So what's going on with those passages which would seem to suggest He was begotten at His Baptism? At His Baptism, what was hidden to the world (that the Son of God was among them) was made visible: that's the sense in which Hebrews and Acts say that Jesus is “begotten” at His Baptism. But He was the Son of God before this, from all eternity. Likewise, Christmas celebrates the point at which what was hidden to the world (that the Son of Mary was among us) was made visible.

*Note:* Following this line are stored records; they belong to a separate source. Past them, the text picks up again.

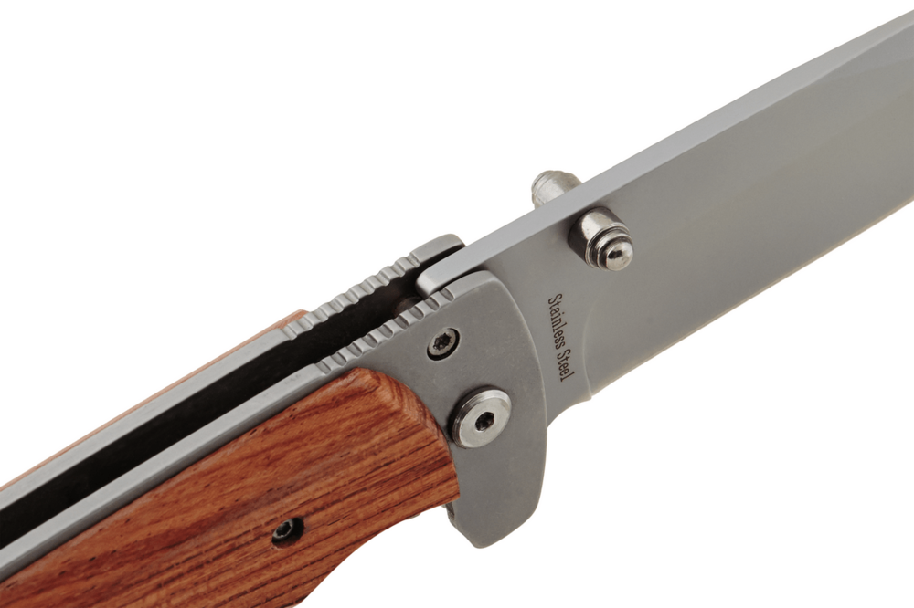 Клинок этого фолдера сделан из нержавеющей 420 стали, имеет длину 89 миллиметров и твердость 52-55 единиц по Роквеллу. Также клинок снабжен небольшим фальшьлезвием. Значительная толщина в обухе – 3,31 миллиметра, вселяет в нас чувство уверенности.
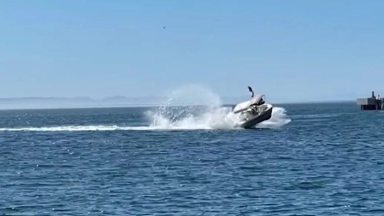 Protección Civil dio a conocer un video donde se muestra que la embarcación golpeó algo en aguas abiertas, por lo que se inclina con la fuerza suficiente para arrojar a un pasajero a través del toldo.
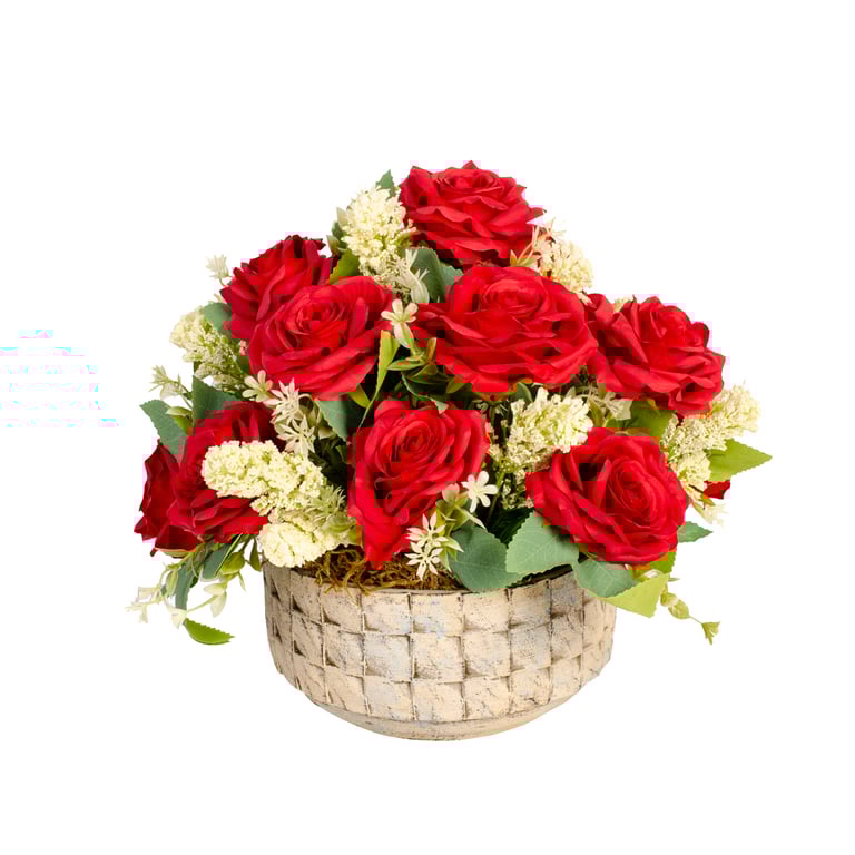 BUQUÊ ROSA X7 43 CM COM COMPLEMENTOS
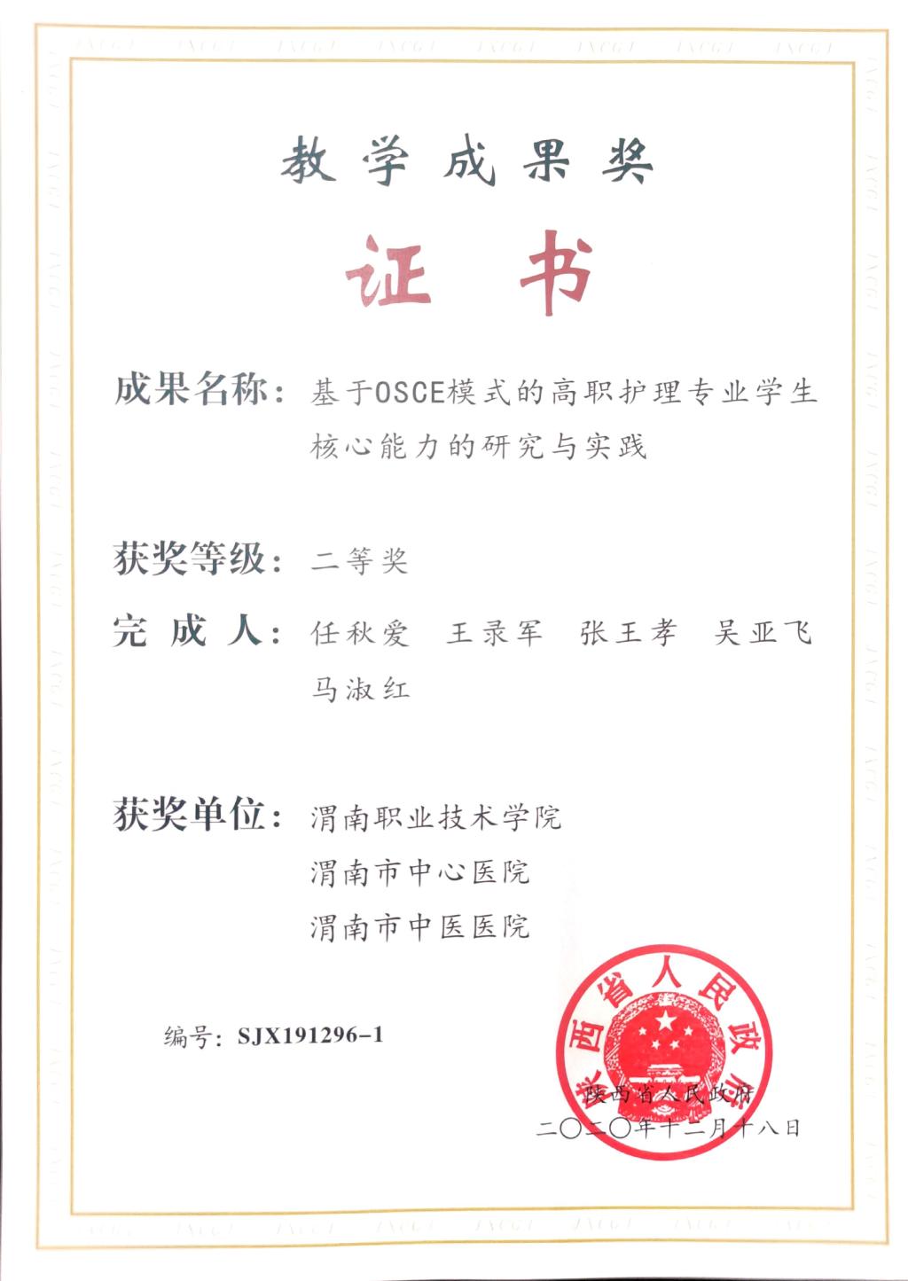 近日,陕西省人民政府办公厅下发了《关于表彰2019年高等教育教学成果奖获奖项目的通报》(陕政办函〔2020〕137号),澳门网投澳门网投唯一官网“基于OSCE模式的高职护理专业学生核心能力的研究与实践”荣获省级教学成果二等奖1项,这是澳门网投唯一官网第二次荣获该奖项。
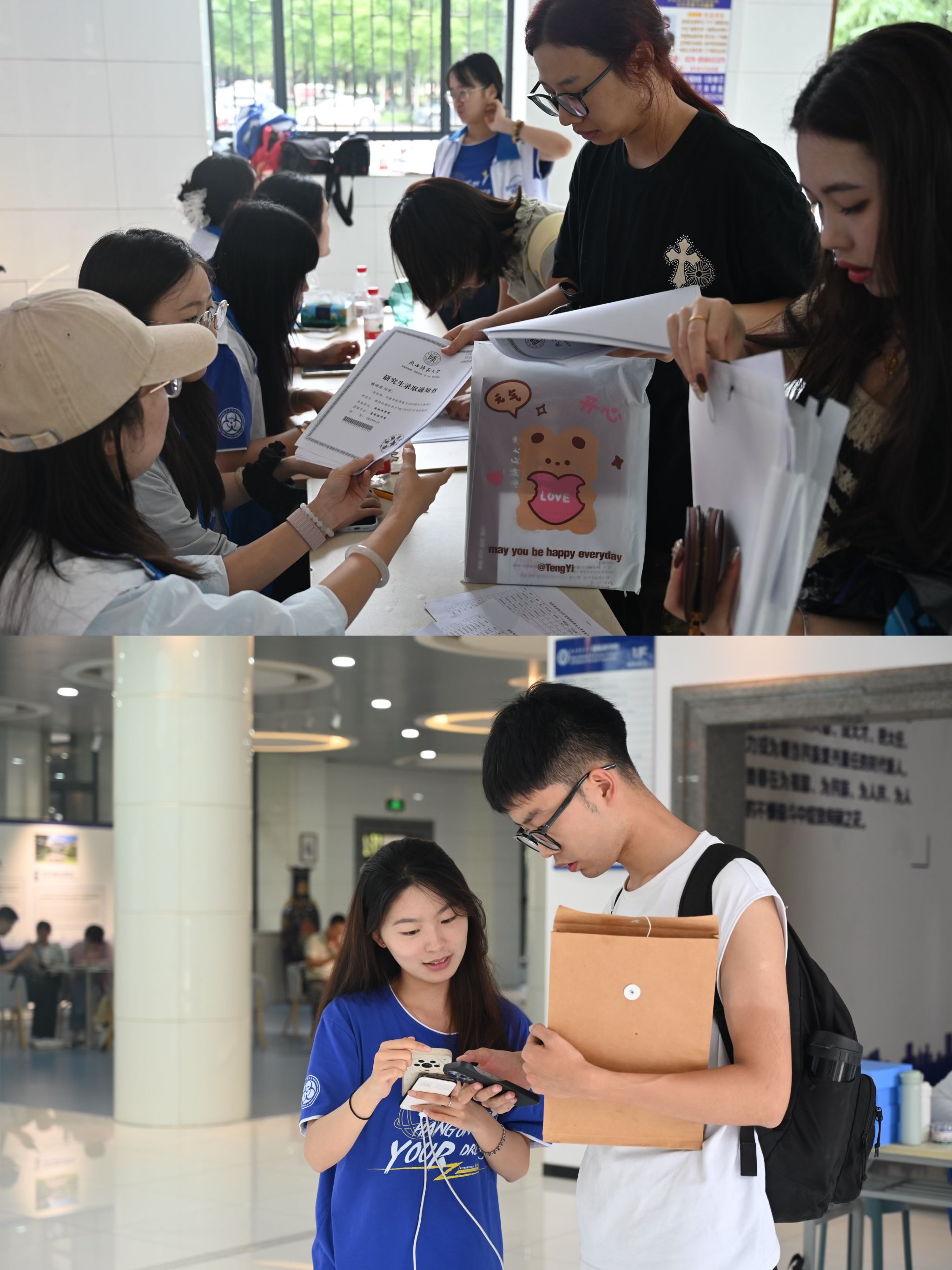 宿舍园区内,从指路到协助搬运,从入住须知到生活提醒,工作人员细心相伴,帮助新生迅速融入新环境。核验信息组认真核对每一份材料,面对新生提出的问题,她们认真倾听、耐心解答,缓解了他们初入新校园时的紧张与焦虑。
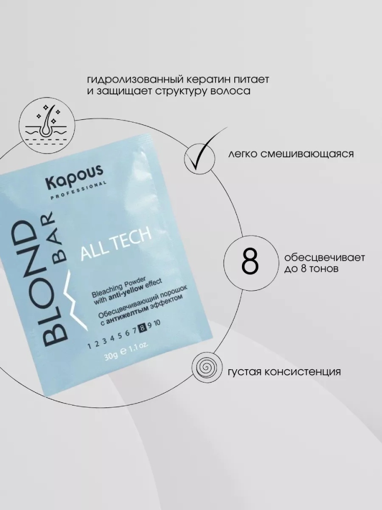 Обесцвечивающий порошок «All tech» с антижёлтым эффектом Kapous серии "Blond Bar" обесцвечивает до 8 тонов. Комплекс «GRIGIA» оптимально нейтрализует фон осветления. При смешивании с окислительной эмульсией пудра приобретает кремообразную консистенцию. Легко наносится и не образует пыли. Входящий в состав гидролизованный кератин питает и защищает структуру волоса, придает блеск и кондиционирует. «All tech» – это инструмент для создания яркого, идеального блонда.
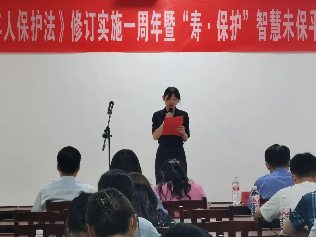 壽光市委常委、副市長、未成年人保護(hù)工作領(lǐng)導(dǎo)小組副組長陳湘穎就慶?!段闯赡耆吮Wo(hù)法》修訂實(shí)施一周年暨“壽·保護(hù)”智慧未保平臺上線致辭講話。
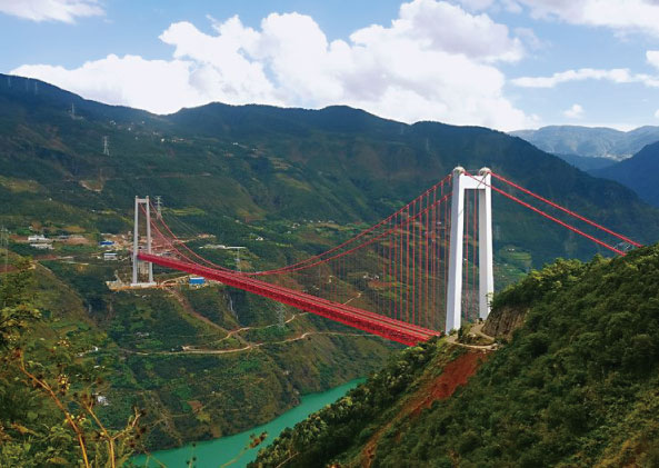 在山区峡谷跨径、桥梁缆索吊跨径、桥梁宽跨比等诸多方面都创造了新纪录,桥面为双向四车道高速公路/相关报道及图片来源于网络上海三思为这座超大跨径山区峡谷悬索桥,金安金沙江大桥(图片来源于网络)尤其是三思自主研制的LED低位照明护栏灯,很好地解决了大桥护栏钢梁结构的照明难题。4000余套低位照明灯具与护栏融为一体,兼顾舒适照明、简易安装、简洁美观等要求。
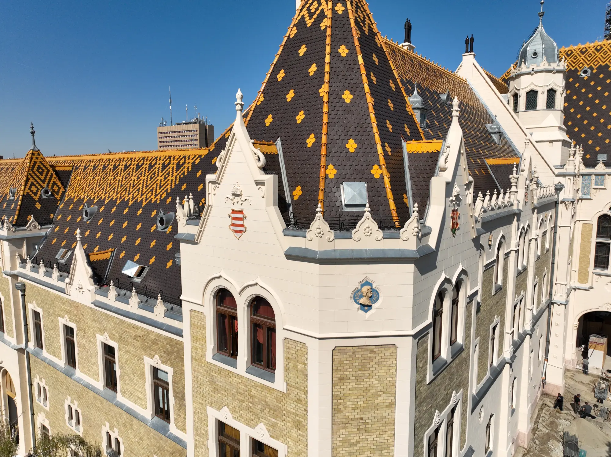 Kecskemét főtere - mely valójában több egymásba fonódó térből áll össze - tele van építészeti kincsekkel. Ráadásul valamennyinek különleges a teteje is. Ám a legszebb közülük mindenképp a jellegzetes tetőmintázatú városháza épülete - főleg, mióta 2023-ban befejezték a teljes rekonstrukcióját. A helyreállítás egyik legnehezebb feladata a megfelelő tetőcserép kiválasztása volt, melyeknek nem csak a színe, de az anyaga is különleges. Az eredeti darabok Zsolnay Vilmos pécsi gyárában készültek, de az ott működő manufaktúra ma már nem tud ilyen méretű feladatokat megoldani. Az elvárt, rendkívül magas minőséget végül a Tondach cserepeivel sikerült elérni - ezek díszítik a gyönyörűen helyreállított épületet.
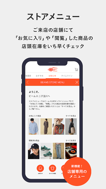 L'app offre una varietà di contenuti con il tema "rendere lo shopping BEAMS più divertente e conveniente", comprese le ultime informazioni BEAMS, campagne, informazioni sulle vendite, stile del personale e funzioni della tessera associativa.
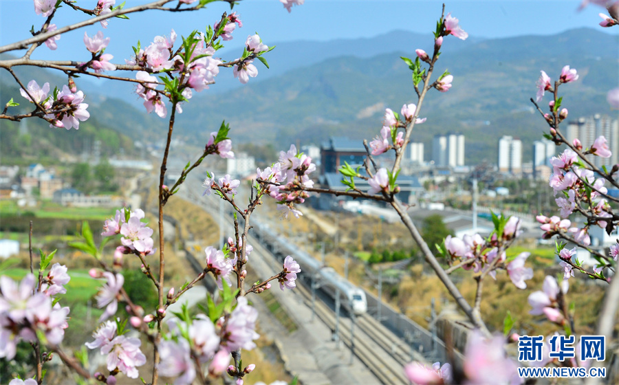仲春时节,贵州省黔东南苗族侗族自治州从江县境内的油菜花、桃花、李花等陆续开放,动车组列车穿行其间,美不胜收。
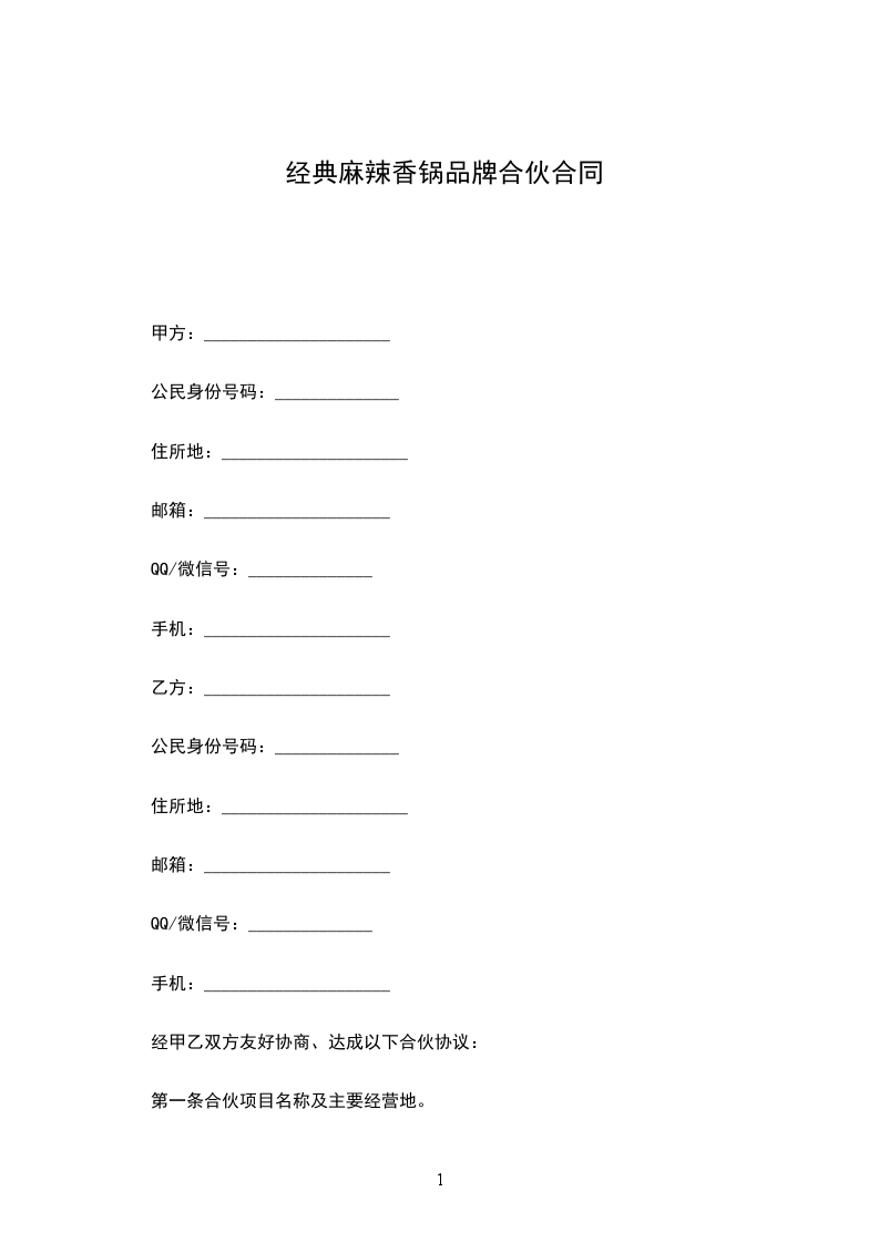 麻辣香锅品牌合资合同
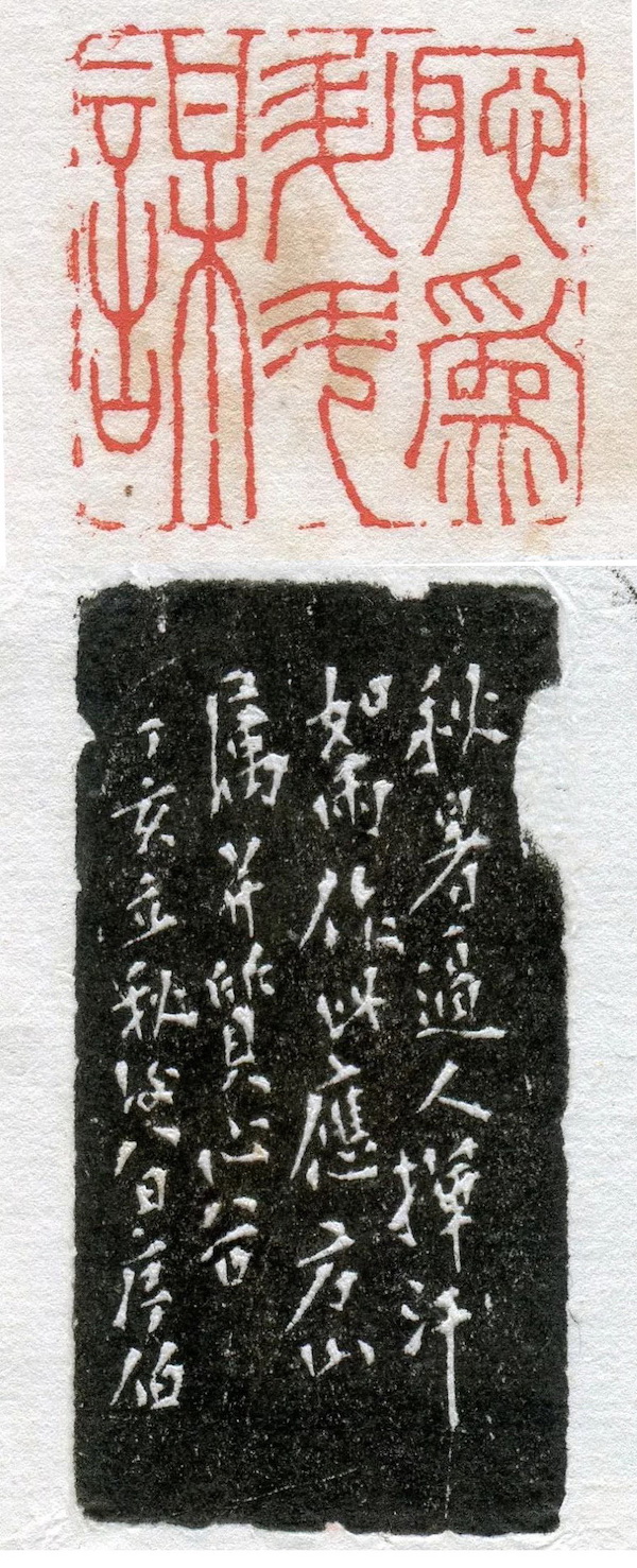 程庭鹭虽名不显,但印艺颇精,“耻为升斗谋”似有意选之,与赵之谦的“为五斗米折腰”相映成趣,边款有记:“秋暑逼人,挥汗如雨,作此应方山嘱,并质心谷。丁亥立秋后八日”。此五言句出自秦观《春日杂兴十首其一》,全句有云:“缪挟江海志,耻为升斗谋。”秦观科举落第,抱有“江海志”的希望化为泡影,故有此论。虽是议论,但这种透露点滴心迹的比喻手法,将现实的沉重与自己落第的心绪有机地结合起来,直抒胸臆,不免黯然神伤,却包含了真挚、豪迈的情感。程庭鹭篆刻以浙派丁敬为宗,复追秦汉印章。此方朱文印,五字以三列排布,章法上密下疏,上下皆有笔画连接印框,整齐平稳。冲切中有痛快淋漓之感,颇得刀笔意趣,鲜活灵动。笔画痩硬健挺,字形典雅灵活,增添了含蓄凝重之美。

But Jesus was the Son of Mary before this, from about nine months earlier.
So just as we might say that Jesus was twelve years old when He went up to the Temple (Luke 2:42), measured from His birth, without literally suggesting that He didn't exist prior to His birth, we see something similar in the way Scripture speaks of His Baptism.
Conclusion
The image that I think captures this well is of a gift under a Christmas tree. The gift is already there, and if you receive it in the mail, you already own that gift prior to unwrapping it. But the celebration is of the moment that you unwrap it, and encounter it in a certain way for the first time.
Certain things are totally private, and conception is one of them (even parents don't know the exact moment of conception -- there's something mysterious and beautiful about the fact that it's known to God alone). We may get excited at seeing the wrapped presents placed under the tree, knowing what they herald. But we quite reasonably celebrate the point at which the presents are unwrapped, and we come face to face with the Gift.